In this sample, the optional prepareData callback is used here to show how the data can be tested, or adjusted before the hook's action is fired, or whether you need to abort it in the case of an error.

This allows the Ui component to deal with what is relevant to it, with room for customizing it's results, but ultimately returning the data for the hook to do with it as it pleases.

// my-comp.js
export default Hence.Ui({
  is:'my-comp',
  properties: {
    callToAction: Object,
    emailError: String
  },
  hooks: {
    callToAction: 'prepareData'
  },
  prepareData(data, model, e) {
    // Data in this case is referencing this.callToAction on the component, but this isn't always the case. The
    // full targeted object will be accessible here, allowing you to prepare/adjust/check/leverage any aspect of it.

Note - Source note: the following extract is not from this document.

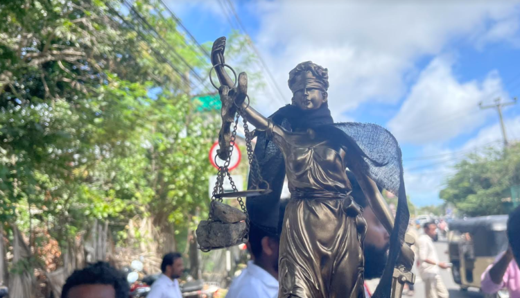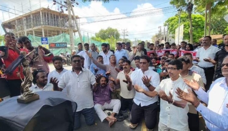 யாழ்ப்பாணத்தில் சட்டத்தரணிகள் நீதி தேவதையிடம் மண்டியிட்டு , நீதிபதிக்கு நீதி கோரினர்.

    console.log('calltoaction with', [this, data, model, e], arguments);

    // Was a valid email inputted?
    if (!data.email.match(/([\w\.\-_]+)?\w+@[\w-_]+(\.\w+){1,}/)) {
      // If we flag this, the resulting hook action will not fire.
      data._error = true;

      // Serve a custom error is provided, else show a default one.
      this.emailError = data.customError || "You didn't enter a valid email, please correct it.";
    }
  },
  clearError() {
    this.emailError = "";
  }
});
<!-- my-comp.html -->
<dom-module is='my-comp'>
  <input on-tap="clearError" value="{{callToAction.email::input}}" placeholder="email">
  <button on-tap="hook.callToAction">Sign Me Up!</button>
  <small class="error">{{emailError}}</small>
</dom-module>
// index.js
import MyComp from 'my-comp';
MyComp.appendToElement({
 callToAction: {
   action(model, e) {
     console.log('I got an email from the component!', this.email);
   },
   email: "",
   customError: "Quit being lazy, enter a valid email!"
 }
});

Polymer Integrity Checker

As you begin to work with Polymer, once and a while you'll start to make changes to your components, and things will go astray and break, seemingly without any indication that something has gone wrong. When working with multiple components tied into each other, tireless hours potentially can get lost trying to determine what it is you did.

This is in part largely to Polymers inability to detect whether or not you've overridden one of it's essential methods or properties it has. It literally allows you to hijack it's core attributes and methods unknowingly and can produce mixed results from slight a disruption or blanking out your components completely, without raising a single console error or notice. Even worse, is the component many render and work mostly, and until you perform a specific action will you start to see it fail, giving a false illusion everything is aok.

Because of this lacking feature in the Polymer core, we decided to build our own Integrity Checker, so thwart potential bugs from reusing reserved property & key names outright. In addition, it will tell you what method or property names you're trying to use that are in conflict on a specific component.

Whenever you stumble upon a reserved name, you will receive a detailed console error so you can address it promptly . No more mystery or confusion in tracking down what you've overridden.